▸ Work order
Find the line with "libro lo empezó" in the entries below, then output every line from it down to the line with "Karahoca Köyü Camisi", exactly and with no pictures.

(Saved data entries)
^^^^^^^^
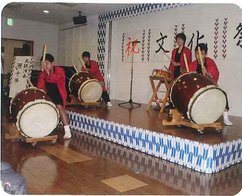
▲迫力のある太鼓演奏
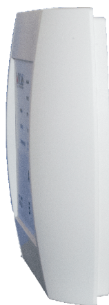
Ytre mål i cm: L=20, H=20, B=4
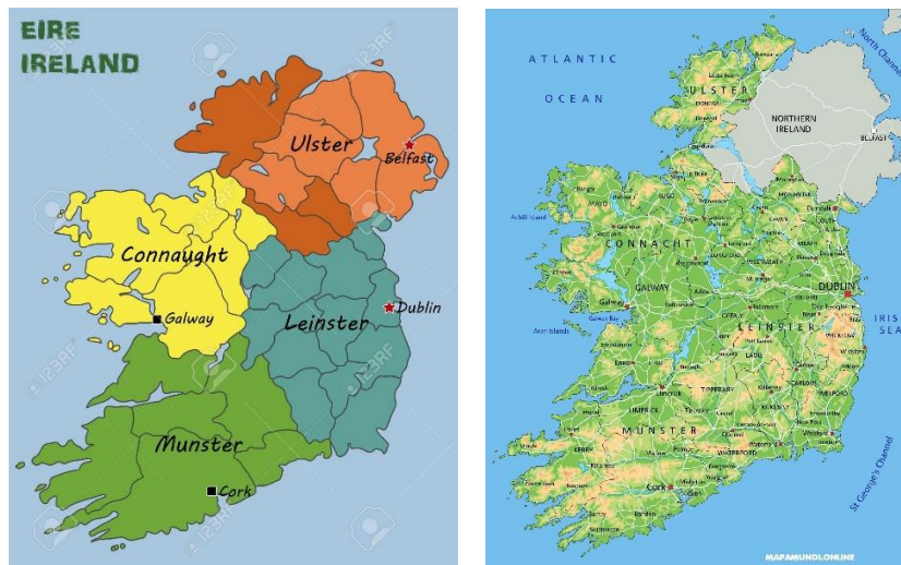
Figura 6. Mapas político y físico de la República de Irlanda

La República de Irlanda es un país miembro de la Unión Europea desde el año 1973 y sus idiomas oficiales son el Inglés y el Irlandés. Su población es de 4.9 millones de personas y la capital del estado es Dublín. El país se divide en las provincias de: Leinster, Munster, Connaught y parte de Ulster (La mayor parte de esta última pertenece a Irlanda del Norte), formando así 26 de los 32 condados que forman la isla de Irlanda (Europa.eu, 2020).
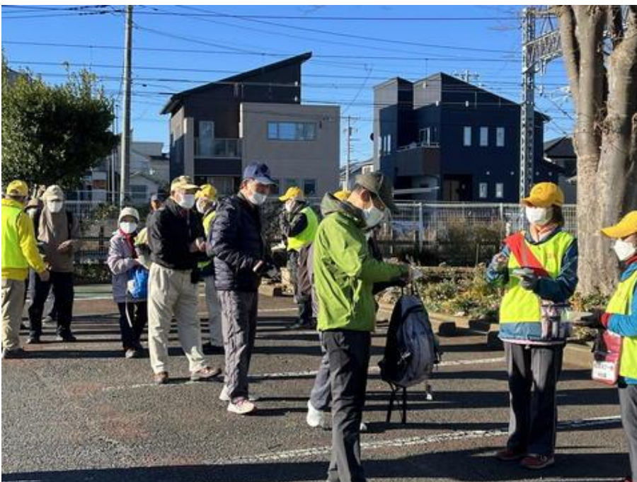
受付風景 (高柳近隣センター駐車場)

この日は、朝から晴天。北総歩の今年最後の行事ということもあってか、集合場所の高柳近隣センター駐車場には、152名のウォーカーが集まりました。今回は基本団体歩行ですが、地図で歩ける方は自由歩行でご自分のペースで歩くことができます。9時5分前から受付を開始。地図を片手に、次々に出発していきました。団体歩行に参加される方は、9時15分頃から出発式、ストレッチを行ったあと、9時30分頃に出発することができました。団体歩行には、役員を含め、約50名が、参加しました。
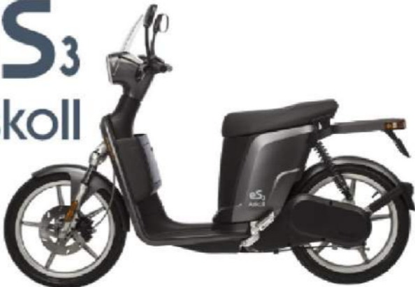
eS 3 Askoll
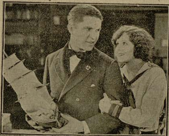
Julio depositó el barquito sobre una mesita...

—Este libro lo empezó mi padre hace años—le manifestó a Priscila—. Escucha la lectura de algunos de los manuscritos honrosos que encierran estas páginas amarillentas:
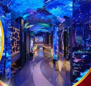
คาเฟ่ดัง Forest Outing
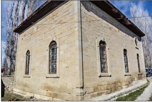
Şekil 6. Caminin güneydoğudan görünümü. Fotoğraf: Muzaffer Karaaslan, 2020.

Karahoca Köyü Camisi dikdörtgen planlı ve düzgün kesme taştan inşa edilmiştir (Şekil 6). Yapının minberi (Şekil 7), vaiz kürsüsü ve kadınlar mahfili ahşaptır (Şekil 8). Caminin örtü sistemi içten ahşaptan düz tavan, dıştan kırma çatıdır. Tavanda üzeri boyalı ahşap işlemler vardır (Şekil 9). Minare, yapının kuzeybatısında yer almaktadır.
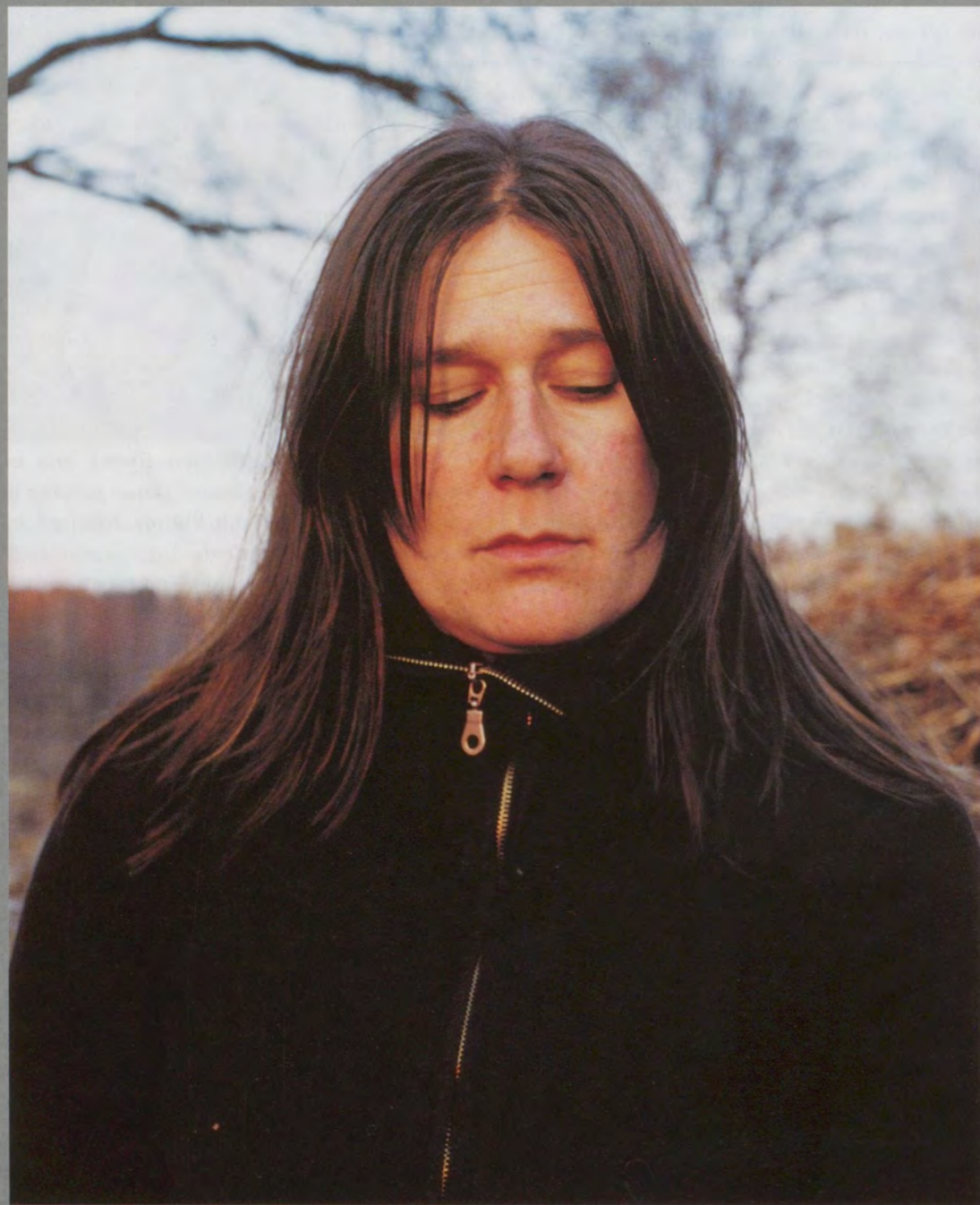
EIJA-LIISA AHTILA, SCENOGRAPHER'S MIND III, 2002, 2 color prints, set with hand-colored mat and frame 42 \frac{1}{8} x 66 \frac{15}{16} " / 2 Farbprints, Set mit handkoloriertem Passepartout und Rahmen, 107 x 170 cm.
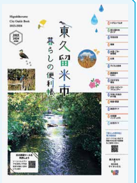
暮らしの便利帳表紙
^^^^^^^^
▸ Response area
—Este libro lo empezó mi padre hace años—le manifestó a Priscila—. Escucha la lectura de algunos de los manuscritos honrosos que encierran estas páginas amarillentas:
คาเฟ่ดัง Forest Outing
Şekil 6. Caminin güneydoğudan görünümü. Fotoğraf: Muzaffer Karaaslan, 2020.

Karahoca Köyü Camisi dikdörtgen planlı ve düzgün kesme taştan inşa edilmiştir (Şekil 6). Yapının minberi (Şekil 7), vaiz kürsüsü ve kadınlar mahfili ahşaptır (Şekil 8). Caminin örtü sistemi içten ahşaptan düz tavan, dıştan kırma çatıdır. Tavanda üzeri boyalı ahşap işlemler vardır (Şekil 9). Minare, yapının kuzeybatısında yer almaktadır.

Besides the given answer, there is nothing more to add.